Каждый выбирает для себя Ю. Левитанский |
Пятнадцатого декабря 2002 года исполнилось четверть века со дня смерти Александра Аркадьевича Галича (Гинзбурга) — смерти трагической и загадочной: в своей парижской эмигрантской квартире он подключал в электросеть только что купленный телерадио-комбайн. Жена, пришедшая буквально через 10-15 минут, нашла его, лежащим мёртвым на полу с оголённым проводом в руке.
Он похоронен на небольшом кладбище Сент-Женевьев де Буа близ Парижа. Здесь недалеко друг от друга находятся могилы выдающихся деятелей русской культуры И.Бунина, А.Ремизова, И.Шмелёва, М.Шагала, Д.Мережковского, А.Тарковского, В.Некрасова и других «врагов» советского государства, которыми гордилась бы любая цивилизованная мировая держава. На похоронах Галича присутствовали писатели, художники, общественные деятели и многочисленные почитатели его творчества. Многие приехали из Швейцарии, Германии, Бельгии. Только из России, которую бард любил с сыновней нежностью, не приехал никто.
В Казахстане и в Магадане,
Среди снега и ковыля...
Разве есть земля богоданней,
Чем безбожная та земля?!
Советская система боялась даже мёртвого Галича. Его вдова Ангелина Николаевна получила огромное количество телеграмм с выражением глубокого соболезнования, в том числе от А.Сахарова и Л.Копелева. Культурная Россия и вся Европа прощались со своим выдающимся представителем.
Что же произошло с преуспевающим членом Союзов советских писателей и кинематографистов: драматургом, сценаристом большого количества кинофильмов, автором популярных песен для молодёжи на рубеже его пятидесятилетия?
Вот как сам Галич объяснял происшедшее: «Я уже всё видел. Я уже был благополучным сценаристом, благополучным драматургом, благополучным советским холуем. И я понял, что я так больше не могу. Что я должен, наконец-то, заговорить в полный голос, заговорить правду...»
Интересно, что его, как Б.Окуджаву и А.Городницкого, вдохновлял пример декабристов. Почти через 150 лет после восстания на Сенатской площади он писал:
И всё так же, не проще,
Век наш пробует нас —
Можешь выйти на площадь,
Смеешь выйти на площадь,
Можешь выйти на площадь,
Смеешь выйти на площадь
В тот назначенный час?!
И, несмотря на всё своё «благополучие», Галич вышел на площадь.
Не моя это, вроде, боль,
Так чего я кидаюсь в бой?
А вела меня в бой судьба
Как солдата ведёт труба.
Галич жил в эпоху расцвета бардовской песни.
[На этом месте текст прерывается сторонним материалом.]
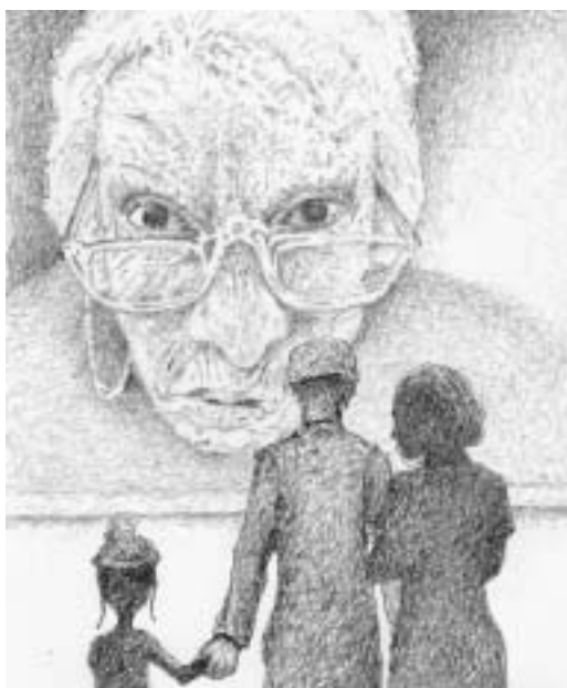
Ilustrace Jiří Stach.

nepopsatelné tajemství Krymu, ale až ho odhalovali sebevíc, stále zůstávalo tajemstvím. Pracovnice muzea dokonce ani nebyla z Krymu, ale z Petrohradu, na pohled však vypadala jako ochránkyně tajemství. Ukázala mladým voskové figurky harémových žen a eunuchů, měděné džbány, fontánu, která pamatovala Puškina. „Viděl jsem hřbitov mrtvých chánů, poslední místo tyranů...“ Muzejní pracovnice řekla, že je zítra ráno zavede do Čufut-Kale, ale na noc se jich ujmout nemůže, pro-
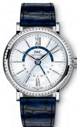
REF. IW459101 in acciaio con 66 diamanti sulla cassa, 12 diamanti sul quadrante in madreperla bianco e cinturino in pelle di alligatore blu scuro

Movimento meccanico · Carica automatica · Autonomia di marcia di 42 ore a carica completa · Lancetta delle ore regolabile a scatti di un'ora (TZC = Time Zone Corrector) · Indicazione delle 24 ore (seconda ora locale) · Secondi centrali con dispositivo di arresto · Vetro zaffiro bombato, antiriflesso su entrambi i lati · Impermeabile 3 bar · Spessore cassa 11 mm · Diametro 37 mm · Cinturino in pelle di alligatore di Santoni
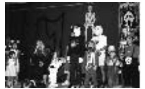
仮装コンテスト入賞者の皆さん
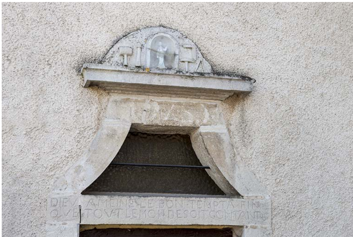
Détail du linteau avec ses inscriptions.
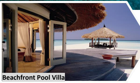
Beachfront Pool Villa
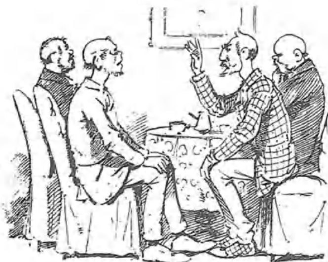
Intervinieron inmediatamente los amigos,
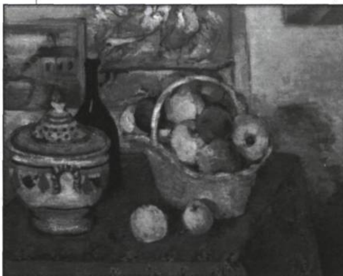
Paul Cézanne, Nature morte à la soupière (détail), vers 1877 (Paris, Musée D'Orsay.)
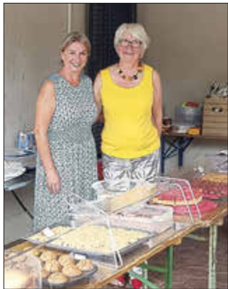
Selbstgebackene Kuchen im Angebot des Fördervereins.

Freier Eintritt ins Erlebnisbad Wolfhagen am Sonntag, 12. April 2026 Schnupperangebote nutzen und 10 % Rabatt auf Saisonkarten sichern!
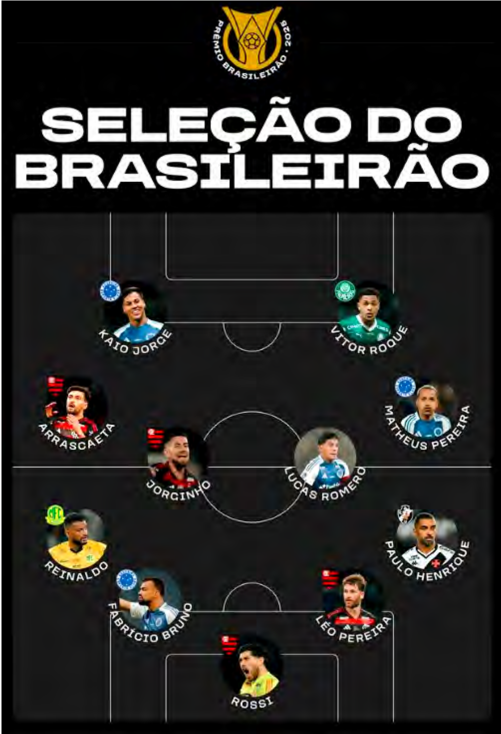
A Seleção do Brasileiro que consagrou o Flamengo como campeão
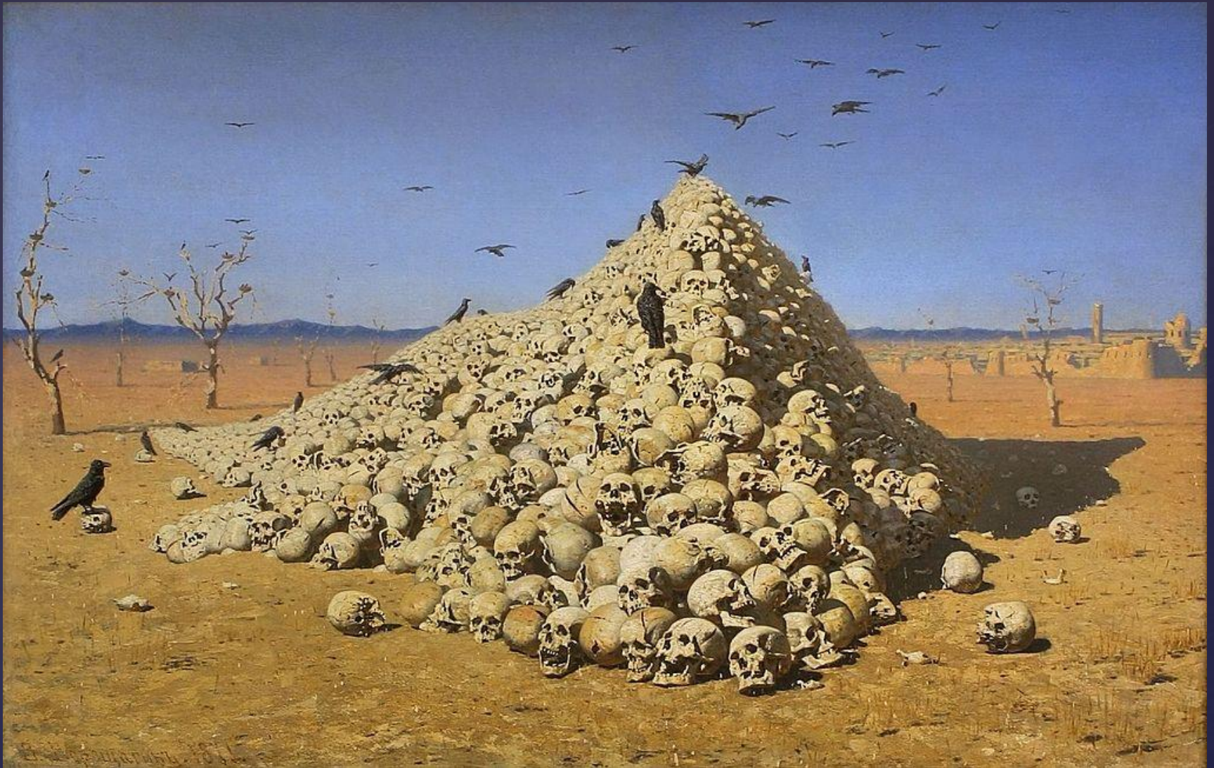
В.В.Верещагин. «Апофеоз войны»
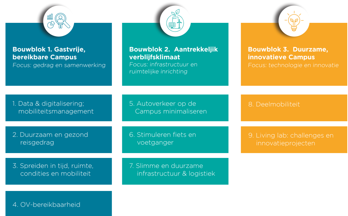
Figuur 3. Visualisatie van drie bouwblokken en negen focusprojecten

Vanuit de drie centrale, onderling samenhangende bouwblokken zijn projecten geformuleerd en gestructureerd. Elk met een eigen focuspunt waarmee de diverse facetten van mobiliteit worden belicht. Zowel de ambities van de betrokken partners als de (meer dan 140) mobiliteitsopgaven van het Klimaatakkoord hebben een belangrijke rol gespeeld in de projectformulering.
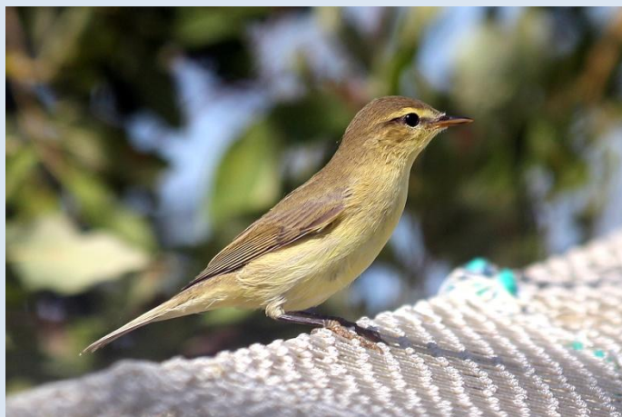
Пеночка-теньковка Phylloscopus collybita
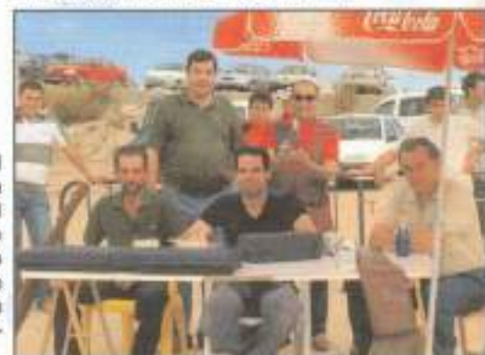
El concurso de tiro al plato que se desarrolla junto al recinto ferial el sábado y el domingo de Feria, reúne cada año a un importante número de participantes con una amplia cantidad de premios.

Вряд ли когда-нибудь повторится такое созвездие имён как Высоцкий, Окуджава, Городницкий, Берковский, Визбор, Ким, Кукин, Клячкин. Каждый из них вошёл в историю русской культуры. И тем не менее... Галич даже среди них стоит особняком. Для большинства советских бардов был характерен «эзопов язык», что было понятно и объяснимо в гнилостное время маразматического застоя. Галич в своих песнях называл вещи и события своими именами, по-существу, играя с огнём. Елена Боннэр как-то сказала о Галиче: «В какой-то момент талант становится сильнее инстинкта самосохранения».
Обличая безразличие абсолютного большинства советских людей к преступной интервенции в Чехословакию, Галич писал:
А танки идут по вацлавской брусчатке,
И наш бронепоезд стоит у Градчан.
...А я умываю руки!
А он умывает руки,
Спасая свой жалкий Рим!
И нечего притворяться —
Мы ведаем, что творим!
Здесь я хочу сделать небольшое отступление, так как современные читатели не поймут той ненависти и одновременно — боязни, которые Галич вызывал у Кремля. Для иллюстрации приведу пример из своей жизни. У меня был самый близкий друг — Лёня Барон (он рано и трагически ушёл из жизни). Мы оба страстно любили бардовскую песню, но если для меня это было хобби, то для него — жизнь. Я уже не помню точную хронологию событий: по-моему, это было в семидесятых годах; он жил в Риге, а я — в Минске (десять часов езды ночным поездом). У обоих были знаменитые магнитофоны «Яуза» и довольно солидные фонотеки. Но у Лёни была великолепная фонотека записей Галича, у меня — крохи. И вот однажды я собрался к нему в гости, чтобы переписать Галича. Мой самый близкий друг твёрдо сказал: «Нет. Если тебя застукают в поезде с этими записями, пришьют срок и тебе, и мне. Хочешь слушать — пожалуйста».
Он выложил кассеты, оставил мне еду и ушёл на работу, закрыв дверь квартиры на замок и оставив меня наслаждаться Галичем. К сожалению, это была не комедия, а трагедия: Галич действовал на КГБ, как красный цвет на быка. Ведь при высылке за пределы СССР одним из обвинений был якобы арест некоего человека, распространявшего кассеты с записями его песен.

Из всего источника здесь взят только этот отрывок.